▶ _TASK PROMPT_
Below are some records. Output the lines from the first one through the line that holds "В структуре промышленного", exactly as written, with no pictures.

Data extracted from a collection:
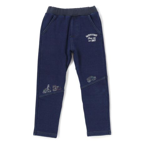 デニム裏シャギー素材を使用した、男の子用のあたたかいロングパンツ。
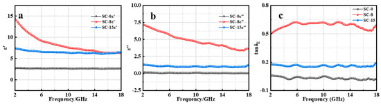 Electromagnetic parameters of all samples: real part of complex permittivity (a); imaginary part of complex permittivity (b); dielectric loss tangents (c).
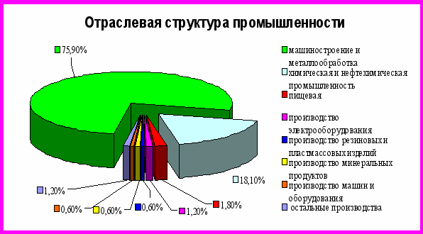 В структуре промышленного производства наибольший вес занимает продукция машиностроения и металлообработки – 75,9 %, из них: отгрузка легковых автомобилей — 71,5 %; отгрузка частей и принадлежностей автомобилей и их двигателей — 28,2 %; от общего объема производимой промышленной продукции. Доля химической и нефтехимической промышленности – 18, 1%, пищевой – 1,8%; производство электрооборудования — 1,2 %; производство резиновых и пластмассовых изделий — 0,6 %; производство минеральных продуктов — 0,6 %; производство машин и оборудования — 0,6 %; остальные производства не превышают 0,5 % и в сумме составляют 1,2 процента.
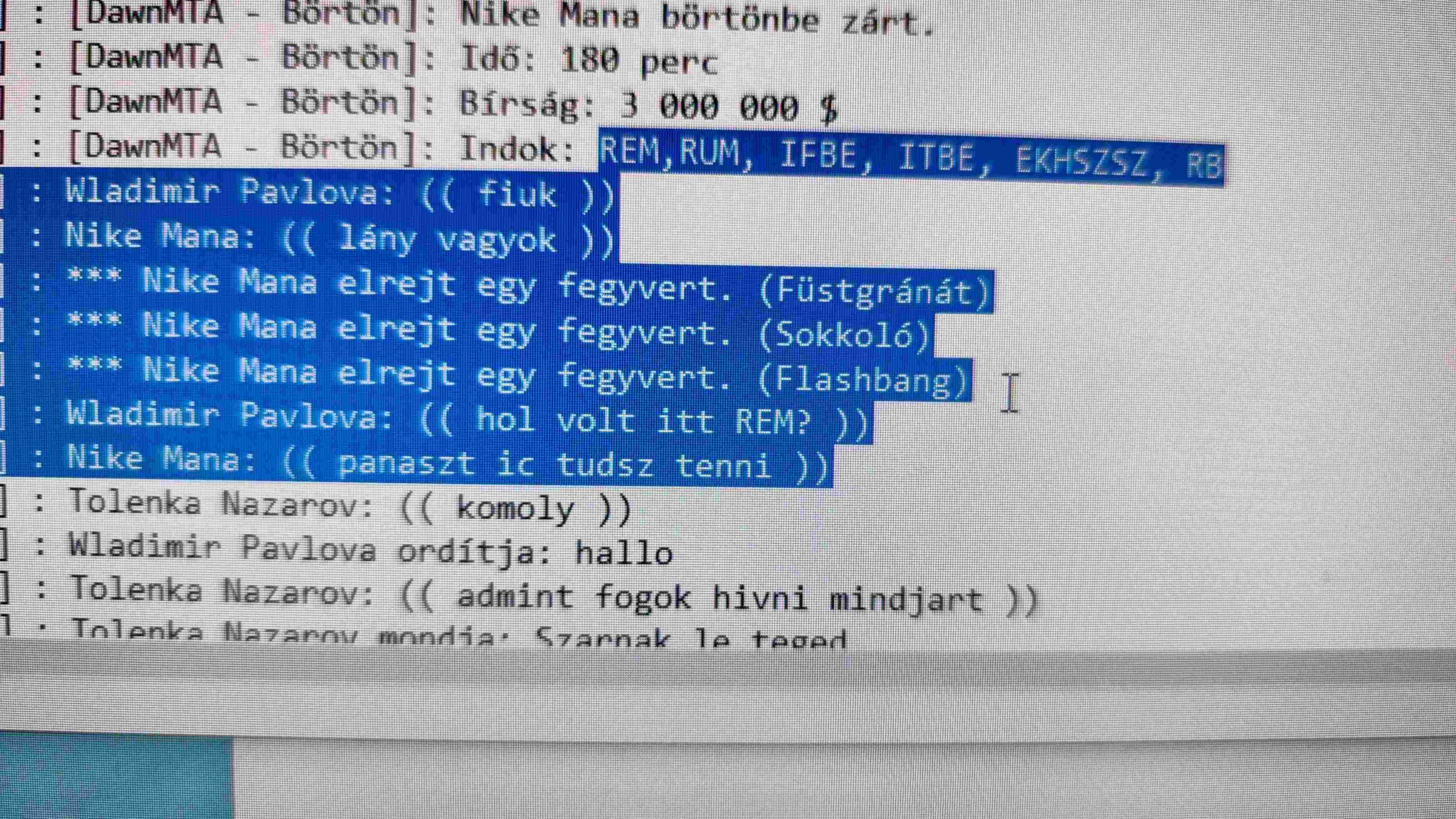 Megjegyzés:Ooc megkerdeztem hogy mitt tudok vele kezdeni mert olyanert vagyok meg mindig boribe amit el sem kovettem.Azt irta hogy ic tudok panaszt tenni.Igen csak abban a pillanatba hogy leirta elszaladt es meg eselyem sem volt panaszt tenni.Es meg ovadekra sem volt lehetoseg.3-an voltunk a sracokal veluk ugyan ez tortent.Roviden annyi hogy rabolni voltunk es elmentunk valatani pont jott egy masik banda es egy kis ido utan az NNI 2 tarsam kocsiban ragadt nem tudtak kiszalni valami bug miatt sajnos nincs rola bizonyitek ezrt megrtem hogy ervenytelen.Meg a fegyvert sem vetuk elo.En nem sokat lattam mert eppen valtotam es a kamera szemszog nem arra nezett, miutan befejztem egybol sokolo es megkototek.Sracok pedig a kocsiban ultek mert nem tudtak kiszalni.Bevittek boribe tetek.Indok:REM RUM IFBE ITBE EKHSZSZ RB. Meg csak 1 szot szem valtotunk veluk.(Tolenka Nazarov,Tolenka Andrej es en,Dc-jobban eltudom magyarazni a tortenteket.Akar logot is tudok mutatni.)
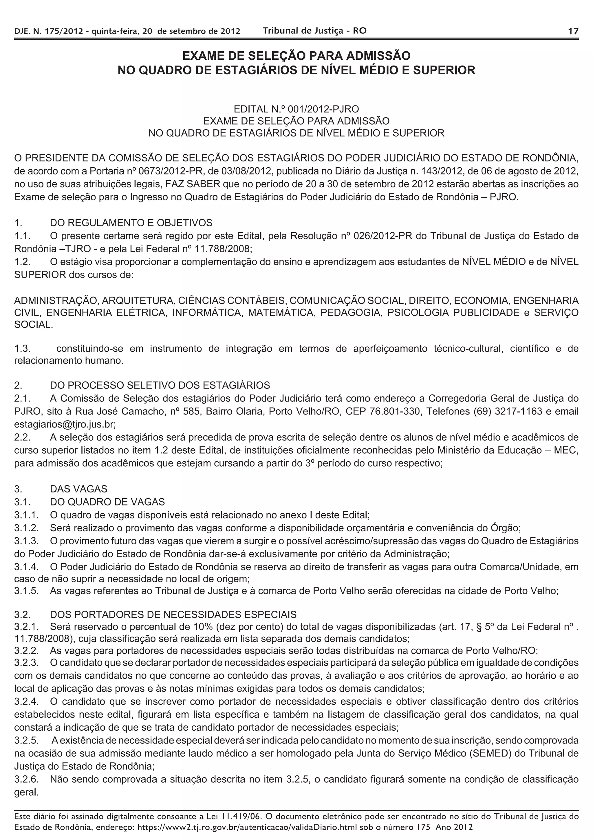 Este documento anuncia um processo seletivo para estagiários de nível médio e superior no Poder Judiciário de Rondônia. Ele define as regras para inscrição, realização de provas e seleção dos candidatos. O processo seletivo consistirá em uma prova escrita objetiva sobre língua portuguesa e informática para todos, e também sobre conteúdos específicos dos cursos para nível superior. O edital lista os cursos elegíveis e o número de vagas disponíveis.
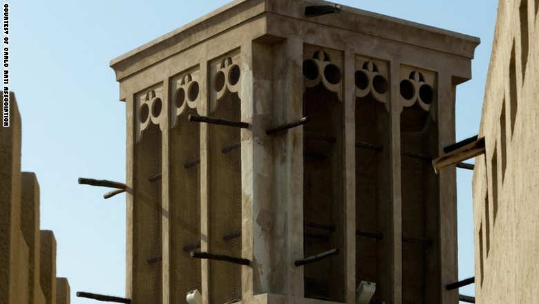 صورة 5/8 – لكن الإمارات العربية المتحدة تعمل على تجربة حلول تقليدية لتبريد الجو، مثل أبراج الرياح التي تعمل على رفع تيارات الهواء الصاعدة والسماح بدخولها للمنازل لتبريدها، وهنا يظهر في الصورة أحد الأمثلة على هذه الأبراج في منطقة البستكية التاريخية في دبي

▶ _ANSWER SPACE_
 デニム裏シャギー素材を使用した、男の子用のあたたかいロングパンツ。
 Electromagnetic parameters of all samples: real part of complex permittivity (a); imaginary part of complex permittivity (b); dielectric loss tangents (c).
 В структуре промышленного производства наибольший вес занимает продукция машиностроения и металлообработки – 75,9 %, из них: отгрузка легковых автомобилей — 71,5 %; отгрузка частей и принадлежностей автомобилей и их двигателей — 28,2 %; от общего объема производимой промышленной продукции. Доля химической и нефтехимической промышленности – 18, 1%, пищевой – 1,8%; производство электрооборудования — 1,2 %; производство резиновых и пластмассовых изделий — 0,6 %; производство минеральных продуктов — 0,6 %; производство машин и оборудования — 0,6 %; остальные производства не превышают 0,5 % и в сумме составляют 1,2 процента.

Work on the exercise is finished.